National and state law has not caught up with this shift—which is part of the reason the contingent workforce continues to be so appealing to organizations! When a worker is officially “an employee,” the employer-organization has a huge stack of onerous requirements: taxes, insurance, benefits, I-9 verifications, etc. The employer-organization also bears more liability for the acts of employees: official “employees” can sue for discrimination and harassment, for example. Bottom line: the burdens and exposure created by workers who are employees makes the alternative—contingent workers—extremely attractive.
 
How should you manage contingent workers with regard to workers’ compensation? First, employer-organizations should require that contingent workers secure their own independent workers’ compensation policy. Unless the contingent worker shows proof or his or her own policy, insurers often require that employer-organizations using contingent workers pay premiums for these workers, too. Why? Too often, employer-organizations misclassify workers as contingent when they should be employees.
 
This leads us to the second step in working with contractors and other non-employee workers: classify them correctly. Contingent workers are so attractive that employer-organizations sometimes stretch to classify workers as contractors. However, what the employer-organization calls the worker is not definitive. If the worker or the government has reason to question the worker’s status, there will be an independent assessment of whether the worker is an employee or not. Said differently, the government and courts decide what a worker’s classification is, not the employer or worker. This year, the definition of “employee” was expanded specifically to crack down on employers who misclassify workers.
 
For legal purposes, workers are generally divided into two categories: employees and contingent workers (leased, contractor, free-lance, etc.) There are not hard and fast rules determining which side of the ledger the worker falls; rather, a state board, court, etc. will look at a number of softer criteria to evaluate what the worker “feels like.” The government will look at things like:
 
·       Does the employer-organization direct and control the worker in practical ways?

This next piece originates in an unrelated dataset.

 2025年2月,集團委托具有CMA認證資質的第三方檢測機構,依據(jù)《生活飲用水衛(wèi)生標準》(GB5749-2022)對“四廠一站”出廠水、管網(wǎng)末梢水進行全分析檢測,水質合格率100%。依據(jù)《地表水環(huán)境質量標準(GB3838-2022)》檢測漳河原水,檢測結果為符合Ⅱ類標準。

·       Does the worker have a significant investment in his or her own equipment, facilities, or means of working?
·       Does the worker seek his or her own training, or this is provided by the employer-organization?
·       Does the worker perform work for other organizations?

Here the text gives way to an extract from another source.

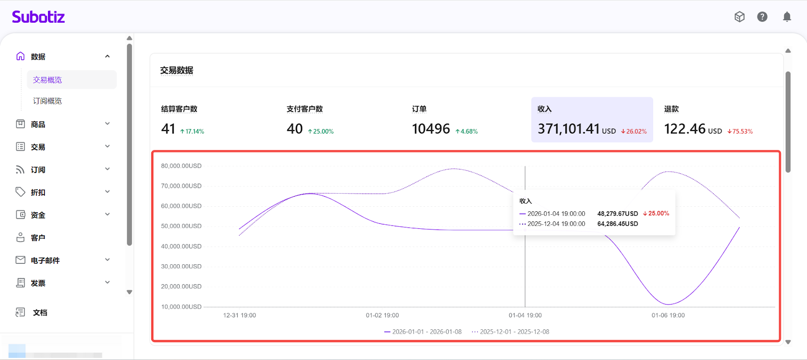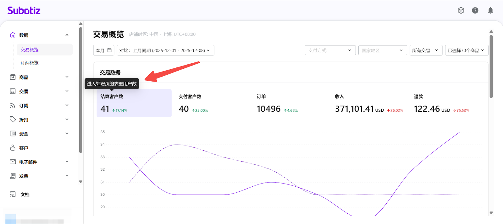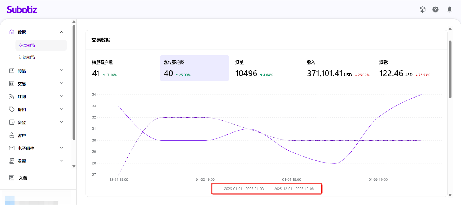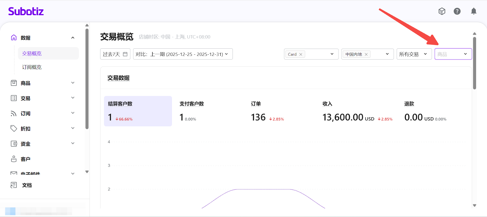 - 打开交易概览:在 Subotiz 后台,前往 数据 > 交易概览,进入交易数据分析页面。

·       What kind of services does the worker perform: highly specialized? Distinct from the main work of the employer-organization?

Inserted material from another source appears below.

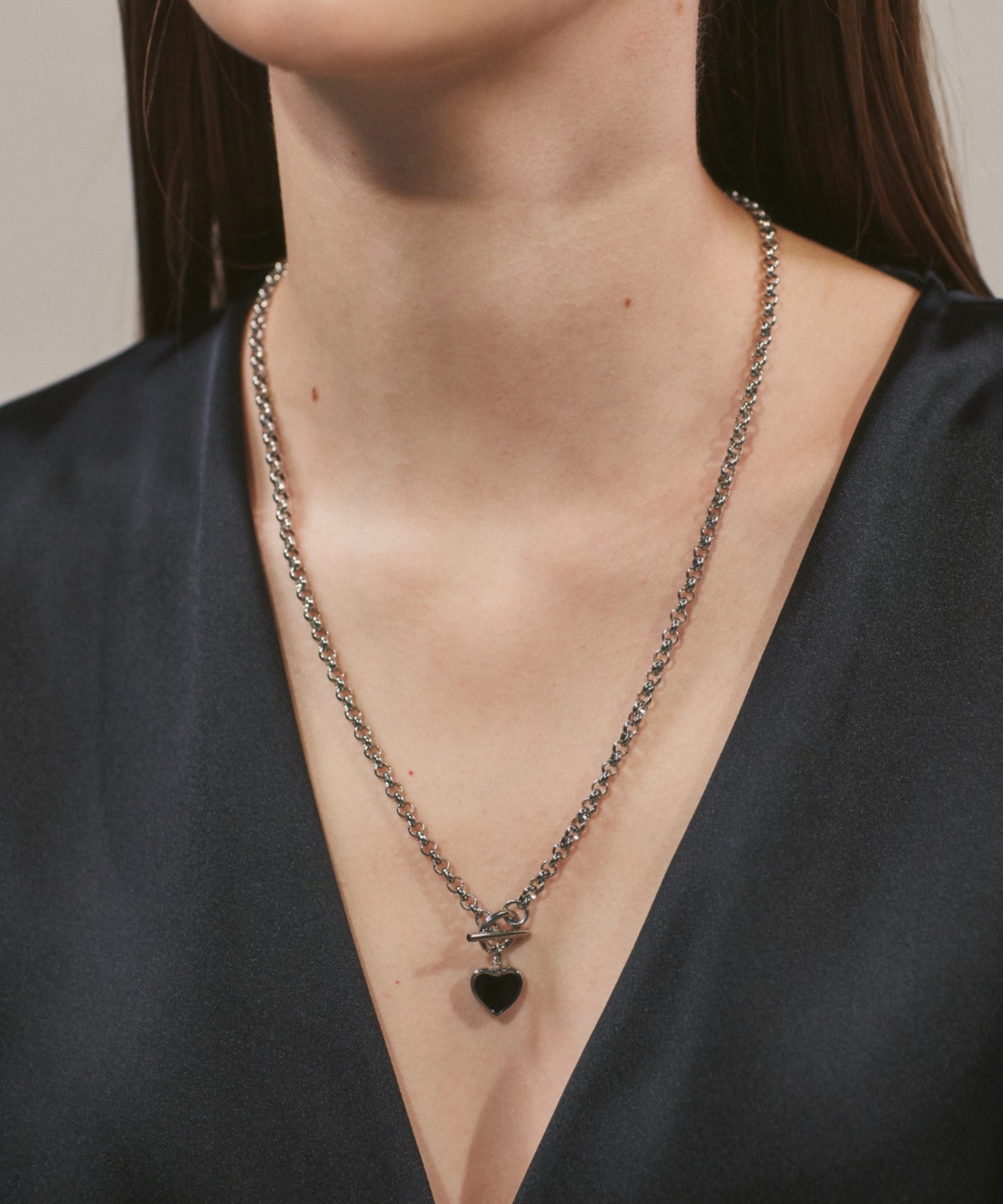 【 金属アレルギー対応 】 ハート マントルチェーンネックレス サージカルステンレス

·       What is the cultural fit of the worker? Do co-workers view him or her as a fellow employee?
 
So, what are the real risks here? Is this really worth it? Yes. Inadvertently failing to provide workers’ compensation coverage to a worker who is later deemed an employee is a high-dollar mistake. After all, workers’ compensation offers a strategic trade between employer and employee: the employee is assured of compensation for injury or illness that happens at work in exchange for a barrier to private lawsuit. Forgetting to make this trade with a few workers creates the possibility for open-ended damages—and unexpected open-ended damages.
 

The explosive growth of contingent workers creates a wrinkle in almost every legal framework that affects “employees.” Make sure you that you have thought-through this wrinkle with regard to workers’ compensation as well as the other laws that affect your organization.